A library for web scraping in Ruby. Web scraping is a technology that automatically extracts desired data and sentences from homepages. As a mechanism, the target data is extracted by looking at the html structure of the homepage and specifying the html tags and attributes that can specify the desired data.
The basic way to write the scraping code is as follows.
scraping.rb
require 'open-uri' #Library for loading the url of the page you want to scrape
require 'nokogiri' #Nokogiri library
#Read url
url = URI.open('https://Target page url')
#Read the html of the url destination page and Nokogiri::HTML::Convert to Document class
doc = Nokogiri::HTML(url)
By performing various operations on this doc, you can extract only the data of a specific part in html.
Suppose you want to scrape a page like this:
<html>
<head><title>Favorite movie</title></head>
<body>
<h3>movies</h3>
<div class="movies">
<div>
<h3 class="title">In the sky of the show shank</h3>
<p>Human drama</p>
<p id="year">1994</p>
</div>
</div>
<div class="movies">
<div>
<h3 class="title">Star Wars</h3>
<p>SF</p>
<p id="year">1977</p>
</div>
</div>
</body>
</html>
The css method is a method of the Nokogiri :: HTML :: Document class, and by giving a css selector as an argument, all the elements that satisfy it are extracted. If there are more than one, you will get an array containing all the relevant elements. (Strictly speaking, the Nokogiri :: XML :: NodeSet class, not an array). If no such element is found, an empty array is returned.

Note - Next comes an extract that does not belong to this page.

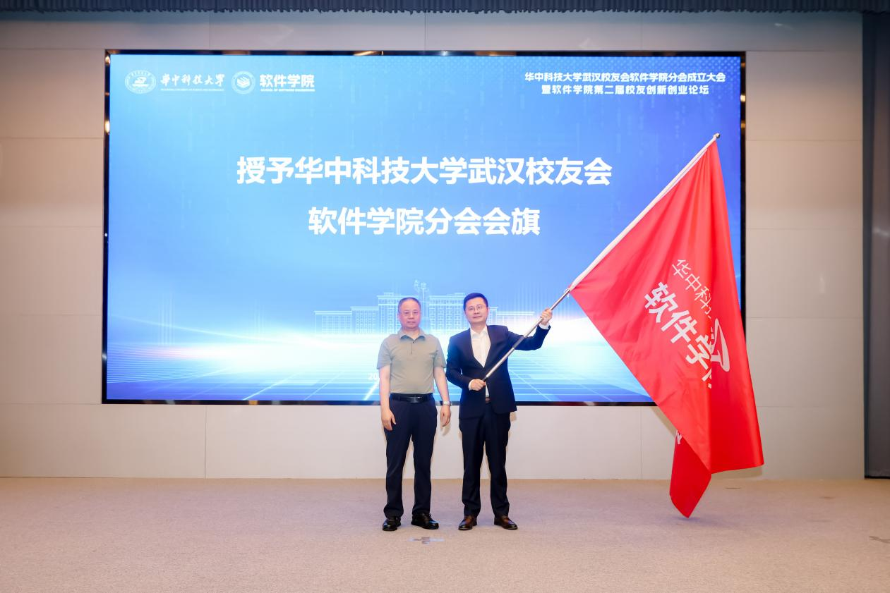 邬毛志向皮宇授予了304永利集团武汉员工会304永利集团分会会旗。

doc.css("h3") #Specified by tag
# >> [ <h3>movies</h3>, <h3 class="title">In the sky of the show shank</h3>, <h3 class="title">Star Wars</h3>]
doc.css(".title") #Specified by class
# >> [<h3 class="title">In the sky of the show shank</h3>, <h3 class="title">Star Wars</h3>]

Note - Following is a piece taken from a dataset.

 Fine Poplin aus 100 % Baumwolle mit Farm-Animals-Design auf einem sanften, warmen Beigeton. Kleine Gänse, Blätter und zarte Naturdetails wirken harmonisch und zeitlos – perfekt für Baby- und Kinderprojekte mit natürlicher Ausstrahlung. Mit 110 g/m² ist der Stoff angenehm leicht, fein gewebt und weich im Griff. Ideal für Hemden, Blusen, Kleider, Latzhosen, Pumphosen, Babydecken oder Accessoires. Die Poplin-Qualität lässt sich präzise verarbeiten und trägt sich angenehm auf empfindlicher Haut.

doc.css("#year") #Specified by id
# >> [<p id="year">1994</p>, <p id="year">1977</p>]
doc.css("h1") #Specify no element
# >> []
There is also an extraction method that uses a similar css selector called at_css. This, unlike the css method, returns only the first element that gets caught, even if there are multiple matches. Also, unlike the css method, nil is returned if the target element is not found.

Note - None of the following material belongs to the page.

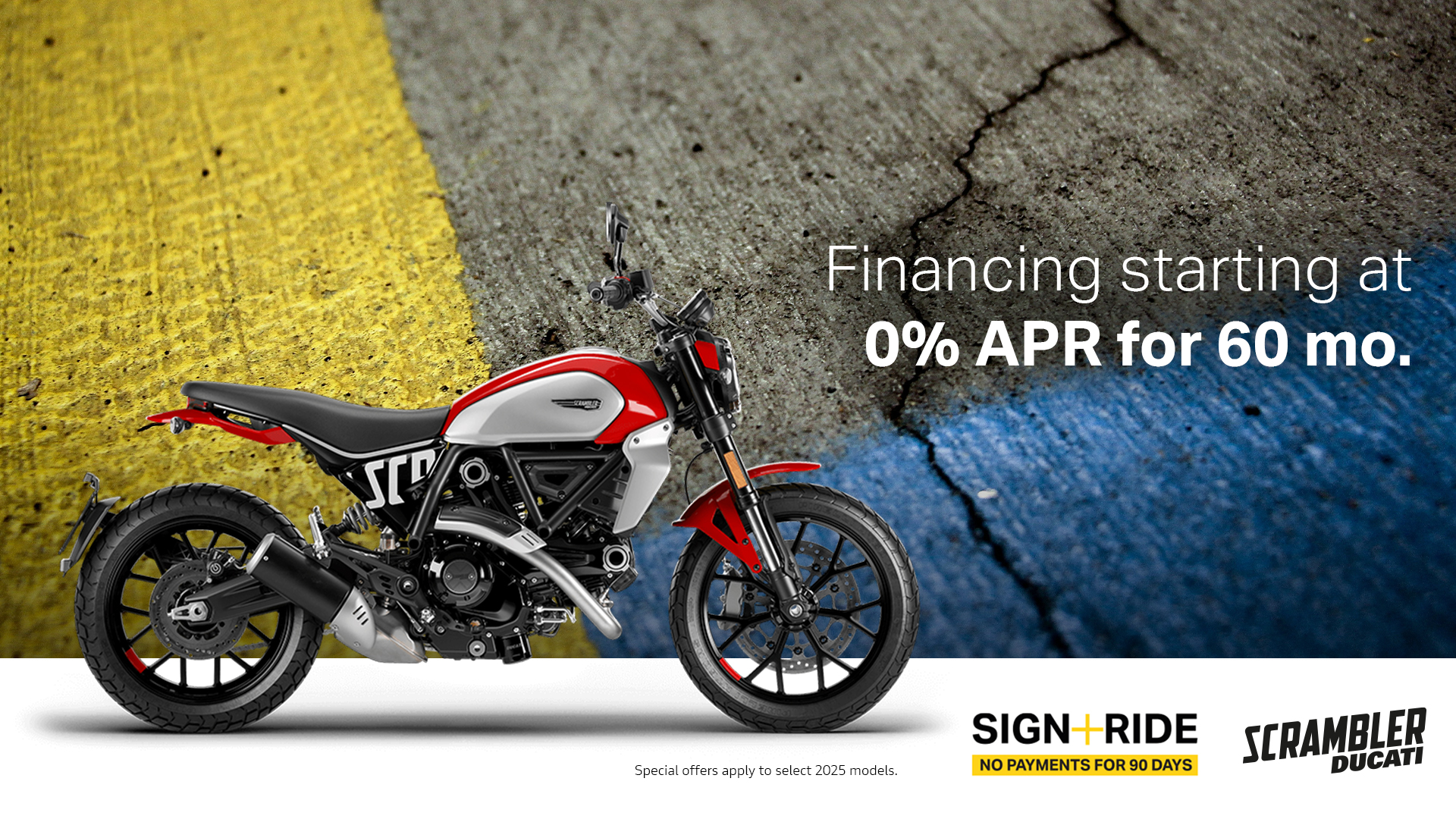 Offer available on select 2025 models to highly qualified customers on approved credit by Ducati Financial Services through participating and authorized Ducati dealers from January 6 - 31, 2026. Down payment requirement varies from 0%-25% of the purchase price based on credit worthiness. Not all customers will qualify for the advertised APR. Minimum amount financed is $5,000. See your local Ducati dealer for financing details or, for general product information, call 1-888-391-5446. VW Credit, Inc. dba Ducati Financial Services is a servicer for VCI Loan Services, LLC. © 2025 Ducati North America.

doc.at_css("h3") #Specified by tag
# >> <h3>movies</h3>
doc.at_css(".title") #Specified by class
# >> <h3 class="title">In the sky of the show shank</h3>
doc.at_css("#year") #Specified by id
# >> <p id="year">1994</p>
doc.at_css("h1") #Specify no element
# >> nil
Depending on the html structure of the page, it may not be possible to specify the desired data with one specification. At that time, you can also specify the following selector.
doc.css(".movies h3") #If you separate it with a half-width space,.Extract all h3 tags under the movies class
# >> [<h3 class="title">In the sky of the show shank</h3>, <h3 class="title">Star Wars</h3>]
doc.css(".movies > h3") # >When separated by.Extract the h3 tag directly under the movies class
# >> [<h3 class="title">In the sky of the show shank</h3>, <h3 class="title">Star Wars</h3>]
doc.css("h3 + p") # +When separated by, the element p immediately after parallel with the h3 tag is extracted.
# >> [<p>Human drama</p>, <p>SF</p>]
doc.css("h3 ~ p") # ~When separated by, the element p after that parallel to the h3 tag is extracted.
# >> [<p>Human drama</p>,<p id="year">1994</p>, <p>SF</p>, <p id="year">1977</p>]
You can also specify it in text.
doc.css("h3:contains('Star Wars')") # :contains('String')If you give, you can search the text.
# >> <h3 class="title">Star Wars</h3>
Although not explained this time, one element obtained is an object of the Nokogiri :: XML :: Element class, from which you can extract text and get the url specified by the a tag. I will. Since the method of specifying the css selector differs depending on the target html structure and what kind of data you want, it is difficult to pattern everything into an article. Let's extract the desired data by combining the specification methods introduced this time.